Il telefono collegato al caricabatterie vibrò improvvisamente sul comodino e il silenzio fu rotto da una semplice melodia. Tirai fuori la mano da sotto le coperte e fissai subito con attenzione il nome lampeggiante sul display. La mamma di papà. Non mi aveva mai chiamato, tanto meno così tardi. L'ansia si insinuò nel mio cuore, mi alzai in piedi e mi misi a sedere sul letto. Esitai, cercando freneticamente di capire cosa potesse essere successo, ma non mi venne in mente nulla di buono, così risposi.
- Pronto? - Dissi con una certa apprensione e sentii una voce tremante. L'ansia è aumentata di decine, centinaia di volte e il mio cuore si è stretto in modo scomodo. - Zia Masha, cosa c'è che non va?
Ma non riuscivo a capire la risposta, perché, in generale, non c'era: solo singhiozzi frenetici e qualcosa che sembrava un balbettio.
Affondai pesantemente sulla panchina e mi coprii il viso con le mani nel tentativo, non riuscito, di fermare le lacrime. No, non può essere vero. Era solo un sogno, un incubo orribile, e mi sarei svegliata e... e tutto sarebbe stato uguale.
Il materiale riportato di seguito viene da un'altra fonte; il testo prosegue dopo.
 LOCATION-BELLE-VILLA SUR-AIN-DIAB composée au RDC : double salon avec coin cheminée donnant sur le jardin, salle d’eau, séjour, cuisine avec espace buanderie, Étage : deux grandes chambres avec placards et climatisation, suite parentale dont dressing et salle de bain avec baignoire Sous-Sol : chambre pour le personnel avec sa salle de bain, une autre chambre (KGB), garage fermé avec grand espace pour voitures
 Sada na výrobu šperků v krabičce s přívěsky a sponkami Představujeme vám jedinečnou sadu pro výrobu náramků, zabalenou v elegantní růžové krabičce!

I miei capelli erano in una lunga coda di cavallo spettinata, le ciocche sciolte si appiccicavano alle mie guance bagnate. Li passai, infilandoli dietro le orecchie, e poi guardai l'edificio dell'ospedale distrettuale. Dal racconto sconclusionato della madre di Pasha non capii molto di quello che era successo. Solo una cosa: il fuoco. Un incendio che ha distrutto la nostra casa. La mamma è in terapia intensiva, la sorella ha ingoiato molto fumo, e Pasha... Dio, non può essere vero!!! Pasha è andato a salvare Marishka, l'ha consegnata attraverso la finestra, ma... non è riuscito a uscire dal fuoco. Il mio Pashka... Il mio amato Pashka, che conosciamo da quando eravamo bambini. Non riuscivo a crederci. No! Non potevo!
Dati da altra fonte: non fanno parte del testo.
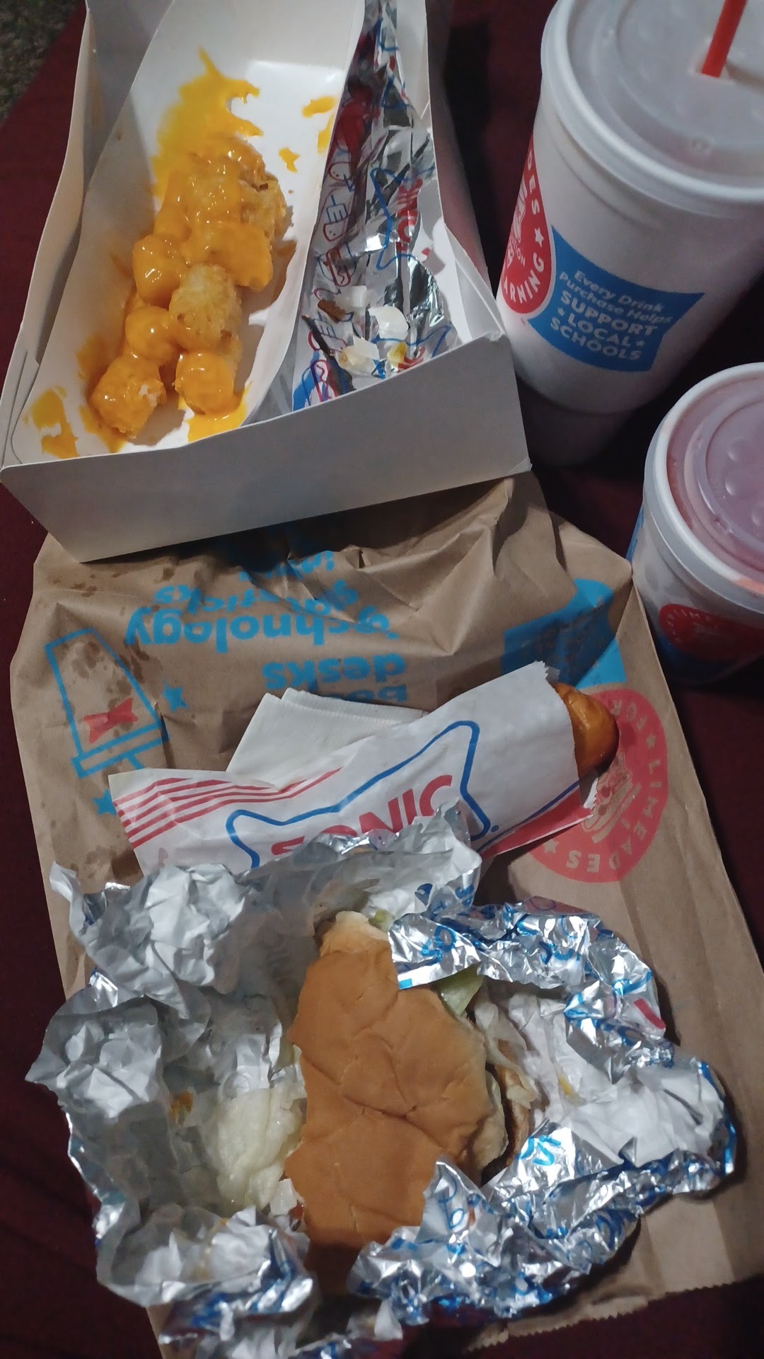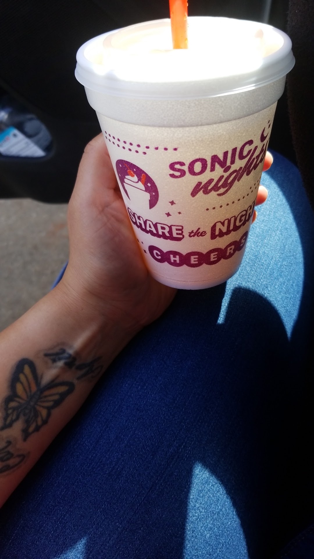 When greeted at the Drive-Thru the young lady seemed pleasant enough. We had asked for a few moments and were granted all but 30 seconds before the same young lady chimed in, sounding exasperated, "Do you need any help of have any questions or something??". We again asked for a few moments and heard her audibly sigh. When we had figured out our order: Large grape amd strawberry slush, Medium oreo dark chocolate concrete with Heath, Grilled chicken wrap with no tomato, Two large popcorn chicken, And a sonic ultimate meat and cheese buritto. She seemed either totally new or that she honestly didnt want to work. We got our slush, the lid wasnt even on. We got our concrete, wasnt mixed at all with vanilla at the bottom 2 inches, no Heath, and thick oily taste. Disgusting. Our two orders of popcorn chicken were rock solid, salty, cold, and not even in the correct containers. The breakfast burrito we received was about 2 inches around, half the size of what is normally received, oily and otherwise discusting. The chicken wrap that we had gotten had tomatos, was falling apart due to some of the tortilla was hard and other parts soggy due to it being totally soaked with Ranch. This place is absolutely trash. You are better off going anywhere in the...
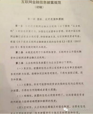 事件一:《互联网金融信息披露规范(初稿)》出炉
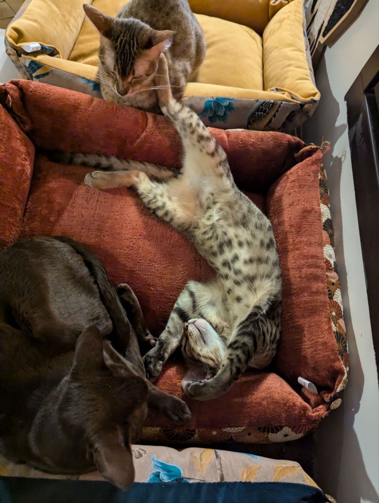 Hier c’était à Zag de rejoindre sa famille pour la vie. Le plus touchant des cadeaux nous a été offert pour son départ, je vous laisse le découvrir dans les photos. Notre petit Mau Égyptien bronze a tout de suite trouvé ses marques, moins de 2h après son arrivée il faisait du charme à ses nouveaux esclaves. Nous savons qu’il sera très heureux et que nous aurons des nouvelles très régulièrement. Belle et longue vie petit bonhomme !
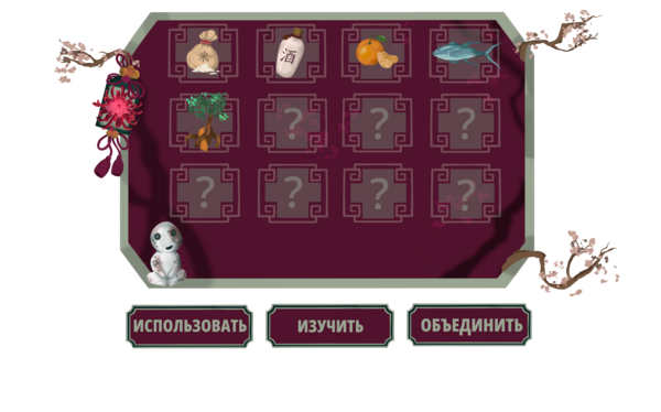 The inventory is Sanbo’s table. In Japan, this table is used to store things and domestic gifts to the Cami gods. Functions: — Use — Study — Unite
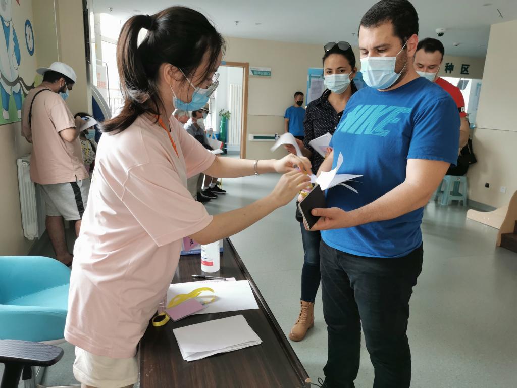 在五个小时的志愿服务时间里,志愿者们共接待有两百余位外籍接种者,耐心负责地解答了大家诸如接种流程、需要提供何种证件、第二针的接种时间等各种问题,收获了外籍接种者、医护人员、现场工作人员的多方赞誉。
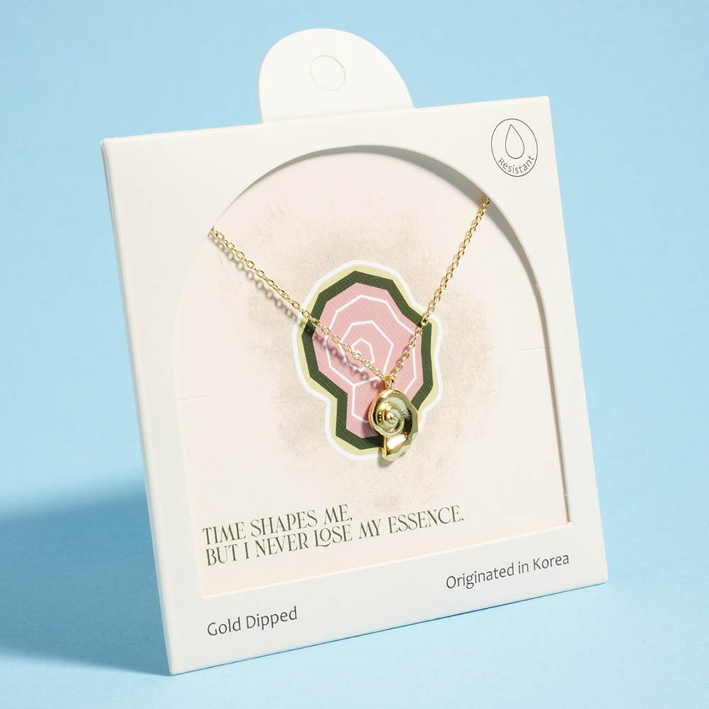 Details • Necklace Size : 16" + 2" L • Pendant Size : 0.4" X 0.6" • Elegant spiral shell pendant necklace symbolizing time, growth, and individuality. Designed for everyday styling and gifting, this delicate necklace pairs easily with casual and elevated looks, making it a versatile addition to boutique jewelry collections, seasonal assortments, and curated displays. • Gold Dipped • Hypoallergenic • Made In Korea
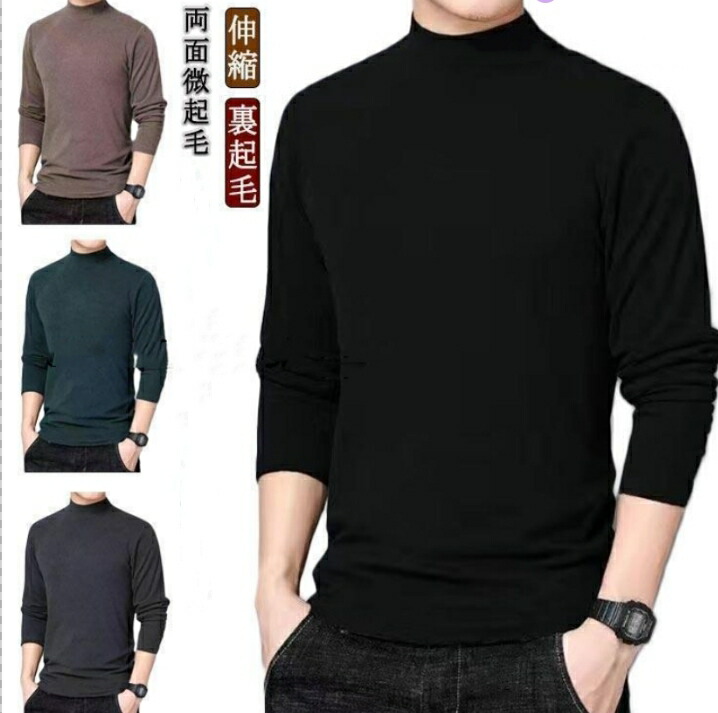 ハイネック カットソー メンズ 暖かい 裏起毛 シャツ 長袖 ロン おしゃれ 無地 モックネック 微起毛 暖かい トップス 春

Arrivata in ospedale, cercai di mantenere almeno una parvenza di calma, ma lo feci con grande difficoltà. Volevo sprofondare a terra proprio nel corridoio con le dolorose pareti dipinte di bianco del reparto di terapia intensiva, ridurmi in un grumo e smettere di respirare. Il dolore annebbiava la mia coscienza e riuscivo a malapena a capire il medico. Ha parlato molto, ma l'unica cosa che ho sentito è stata:
- Vostra madre ha bisogno di cure costose e poi di una riabilitazione che può durare molti mesi. Hai capito, Liana?
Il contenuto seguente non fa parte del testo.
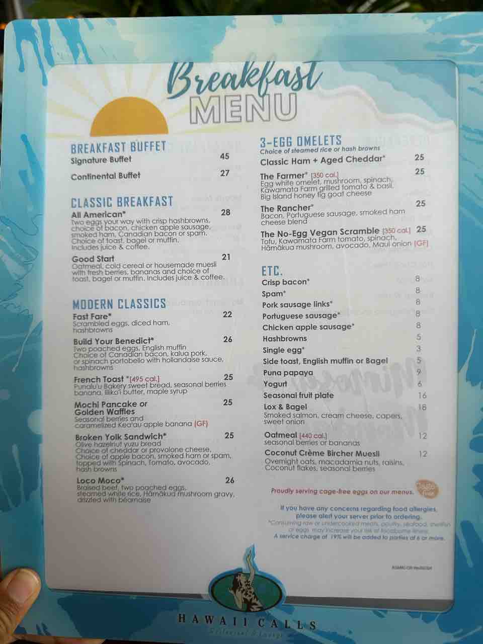 オムレツなど温かいものも含むビュッフェは45ドル。
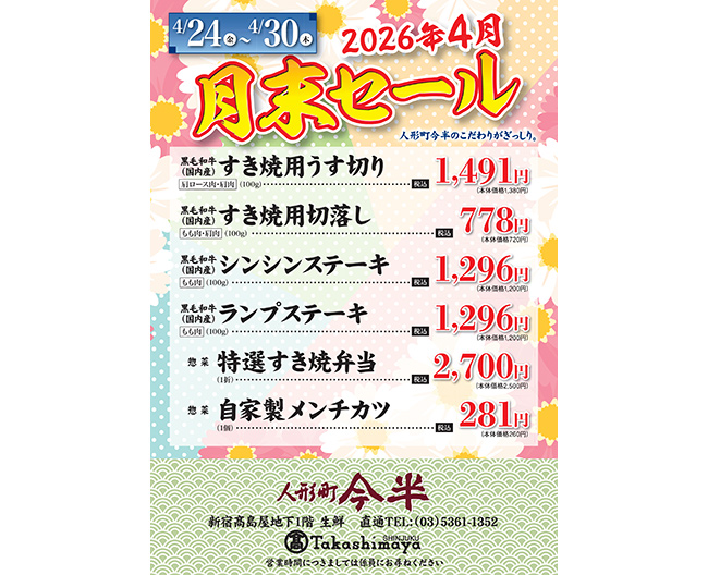 新宿高島屋 人形町今半 月末セールのご案内
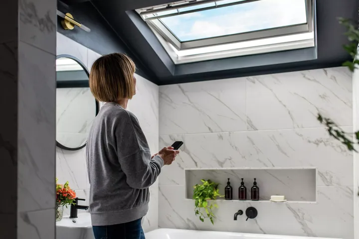 Im Winter müssen Sie im Dachgeschoss auf eine clevere Kombination von Lüften und Heizen setzen. Auf der einen Seite müssen Sie durch das Heizen die Temperatur angenehm halten, andererseits müssen Sie häufig lüften, um die hohe Luftfeuchtigkeit nach draußen abzuleiten. Mit elektrischen Dachfenstern können Sie per Fernsteuerung daher selbst schwer zugängliche Fenster zum Quer- und Stoßlüften öffnen. Und die intelligente Raumklimasteuerung VELUX ACTIVE sorgt automatisch für die richtige Temperatur und gute Raumluft im Dachgeschoss.
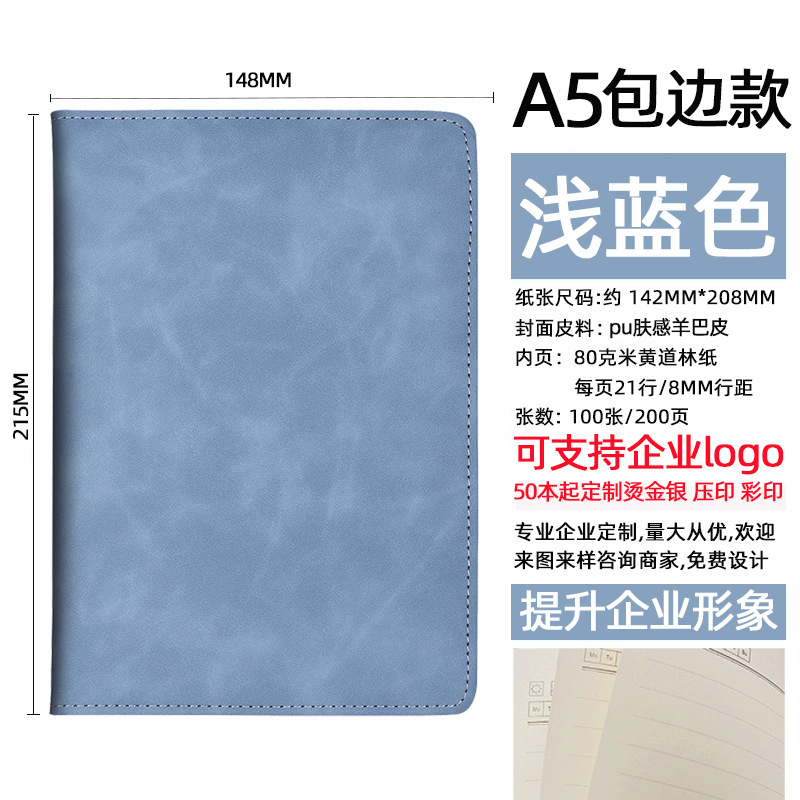 A5 овчина с ощущением кожи, светло-синяя [китайская модная пряжка с краями]

"Hai capito, Liana? Hai capito?" La sua voce morbida sembrava un urlo e colpiva letteralmente un nervo scoperto. Senza distogliere lo sguardo, fissai l'uomo in camice bianco, lo ascoltai in silenzio e poi, con un cenno, me ne andai, senza dire una parola. Non mi avrebbero comunque permesso di andare da mia madre, e zia Masha era con Marishka. Io... sono uscito e mi sono seduto sulla prima panchina che ho trovato. Gettai la testa all'indietro verso il cielo scuro, ingoiando il grumo velenoso delle lacrime... Dio, non poteva essere vero! Non con noi, non con la mia famiglia, non con Pasha...
- No, non vengo stasera. No", mi giunse improvvisamente alle orecchie.
La voce sembrava molto vicina. Era una voce dolorosamente familiare, bassa, leggermente roca. Ho girato bruscamente la testa e... ho visto Renate.